Interestingly if the Log[x] was left out, Apart would do exactly the right thing in this example but it seems it gets confused by the Log.

So what I came up with last night was a function that takes all fractions of a sum and tests which terms to take Together in order to reach smallest LeafCount. This function can be used in all circumstances when there are fractions which should be compressed to a from which minimizes operations and term repetitions. Taking this as an addition to TransformationsFunctions in (Full-)Simplify and the results are marvelous.

Clear[myTogether];
myTogether`inside = False;
Options[myTogether] = Options[Together]
myTogether[expr_, opt : OptionsPattern[]] := 
  myTogether[expr, LeafCount[expr], opt];
myTogether[expr_, count_, opt : OptionsPattern[]] := Block[
  {bestPermCount, bestPerm, sumListActiveLength, sumList, 
   sumListLength, numTable, permList, currPerm, currCount}, {};
  If[MatchQ[expr, _Plus], 0, Return[expr]];
  bestPermCount = count;
  bestPerm = expr;
  sumListActiveLength = 0;
  sumList = {};
  Scan[(If[TrueQ[Denominator[#] == 1],
       AppendTo[sumList, #],
       (PrependTo[sumList, #]; sumListActiveLength++)];
     ) &, List @@ bestPerm];
  If[sumListActiveLength < 2, Return[expr]];
  sumListLength = Length[sumList];
  numTable = Table[i, {i, 1, sumListActiveLength}];
  permList = Permutations[numTable, {2}];
  numTable = Table[i, {i, 1, sumListLength}];
  myTogether`inside = True;
  Do[
   currPerm = Together[Plus @@ Part[sumList, permList[[i]]], opt]
     + Plus @@ Part[sumList, Complement[numTable, permList[[i]]]];
   currCount = LeafCount[currPerm];
   If[currCount < bestPermCount, (
     bestPermCount = currCount;
     bestPerm = currPerm;
     )]
   , {i, 1, Length[permList]}
   ];
  myTogether`inside = False;
  If[Length[List @@ bestPerm] < sumListLength, 
   myTogether[bestPerm, bestPermCount, opt], bestPerm]
  ]

Doing myTogether[Expand[%]] for my initial expression which had a LeafCount of 135 I now get something with a LeafCount of 95:

-((-5 + 9 Log[2] - 3 Log[1 + Sqrt[1 + 1/a^2]])/(3 Sqrt[2 \[Pi]])) - 
 Sqrt[2/\[Pi]] Log[a] + (-3 a - 2 a^3 + 48 a Log[a] + 24 a^3 Log[a] - 
  6 a Log[1 + a^2])/(12 (1 + a^2)^(3/2) Sqrt[2 \[Pi]])

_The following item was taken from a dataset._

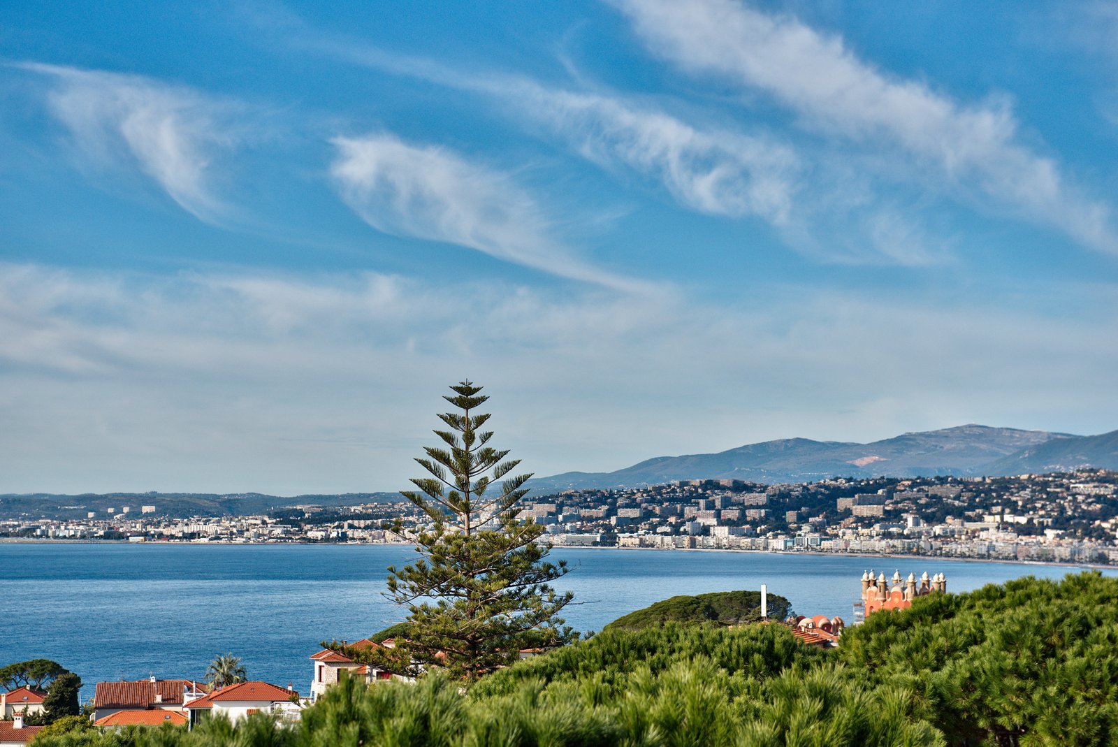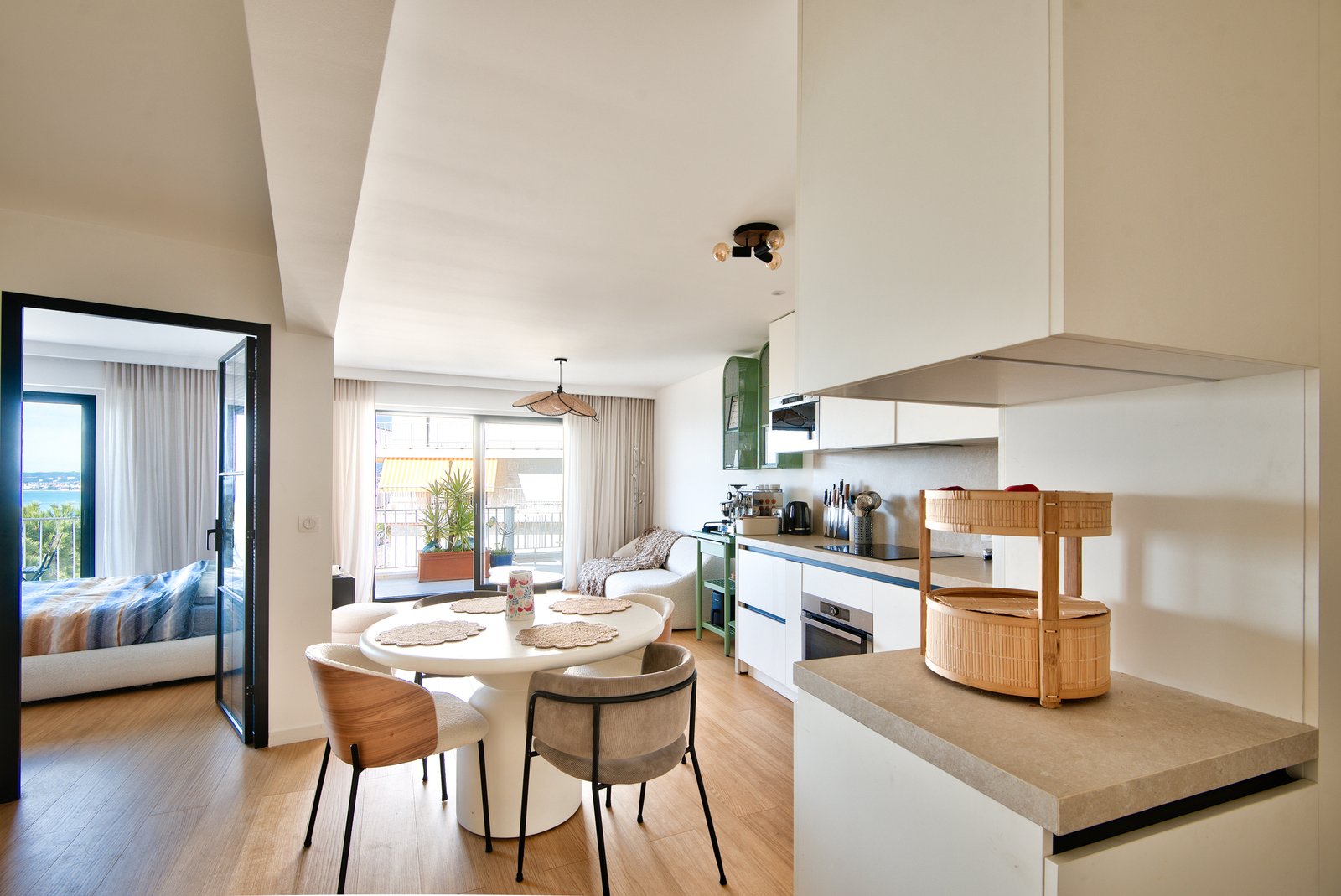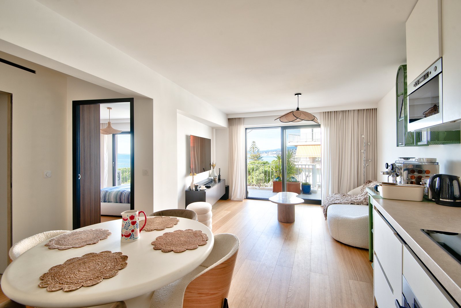 Il comprend un séjour avec cuisine aménagée lumineux s’ouvrant sur une magnifique terrasse de 15 m² et offrant une vue imprenable sur la mer et la Baie des Anges, deux chambres, une salle d’eau et un WC indépendant.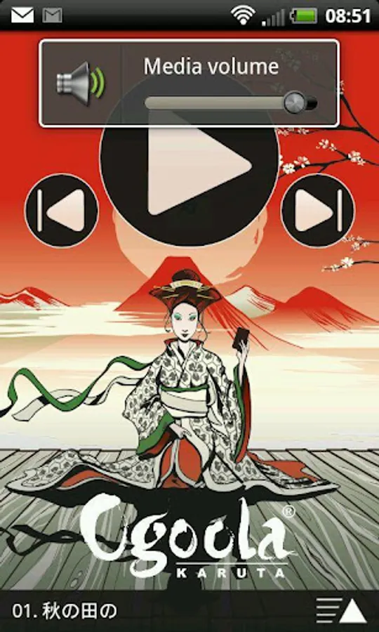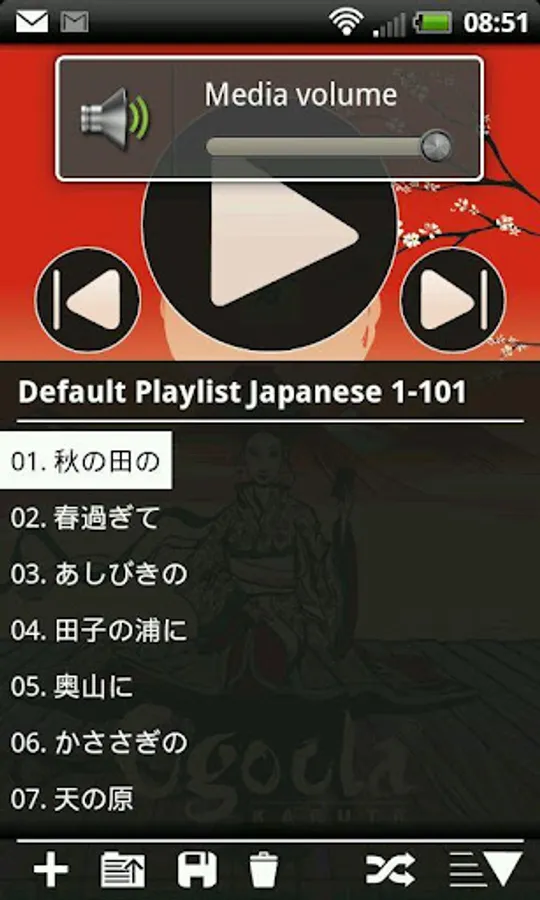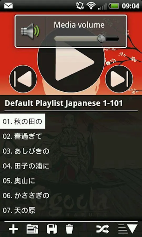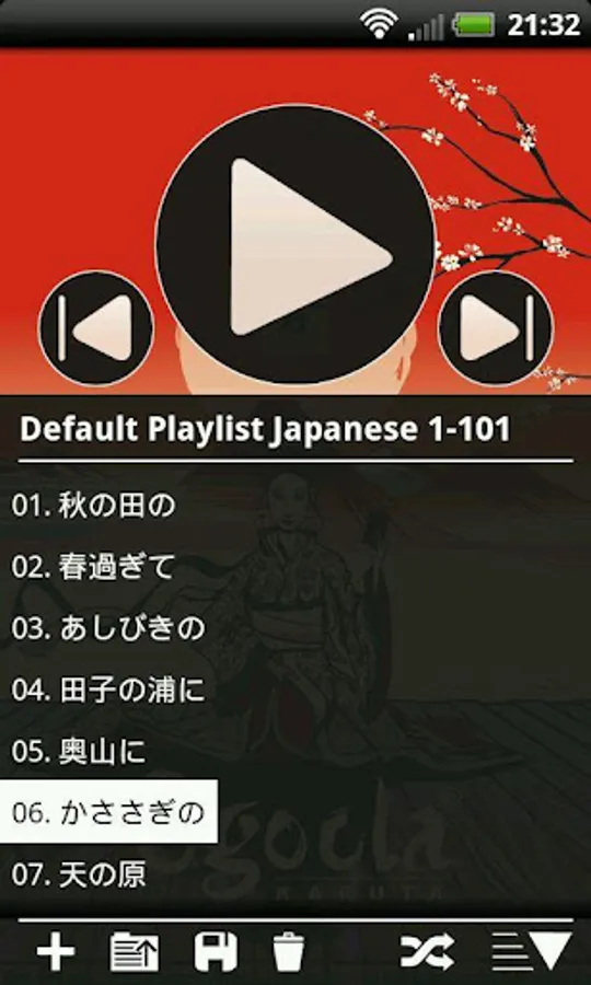 小倉百人一首読み上げアプリ(Android)。田邨将軍堂製作。日本かるた院会員田邨栄造朗詠。百人一首の100首の和歌と序歌、計101首朗詠。序歌は日本かるた院の「しのばれん物ともなしにをぐら山軒ばの松ぞなれて久しき」という歌が入っています。鑑賞用。百人一首かるた遊び兼練習用。シャッフルランダム機能、自分のプレーリスト作成機能付。尚、このアプリはAndroid Go ヴァージョンは機能が不可能です。

$-\frac{-3 \log \left(\sqrt{\frac{1}{a^2}+1}+1\right)-5+9 \log (2)}{3 \sqrt{2 \pi }}+\frac{-2 a^3+24 a^3 \log (a)-6 a \log \left(a^2+1\right)-3 a+48 a \log (a)}{12 \sqrt{2 \pi } \left(a^2+1\right)^{3/2}}-\sqrt{\frac{2}{\pi }} \log (a)$

This is not bad, but I can get better. Doing a Simplify[%, TransformationFunctions -> {Automatic, myTogether}] on the initial expression compresses the expression further, decreasing the LeafCount to 71 and the number of repeated terms down to a minimum.

(-4 (-5 + Log[512] - 3 Log[1 + Sqrt[1 + 1/a^2]] + 6 Log[a]) + (
 a (-3 - 2 a^2 + 24 (2 + a^2) Log[a] - 6 Log[1 + a^2]))/(1 + a^2)^(
 3/2))/(12 Sqrt[2 \[Pi]])

$\frac{\frac{a \left(-2 a^2+24 \left(a^2+2\right) \log (a)-6 \log \left(a^2+1\right)-3\right)}{\left(a^2+1\right)^{3/2}}-4 \left(-3 \log \left(\sqrt{\frac{1}{a^2}+1}+1\right)+6 \log (a)-5+\log (512)\right)}{12 \sqrt{2 \pi }}$

The only question remaining for me is, if there is perhaps a faster way to do what I do inside this function. It takes all possible combinations of 2 fractions out of the sum and checks if applying Together (actually Apart also seems to work) on them decreases the LeafCount. The combination of two terms which decreases the LeafCount most is taken and then the function calles itself to find the next two terms. This is probably not the fastest way of doing it, I don't know.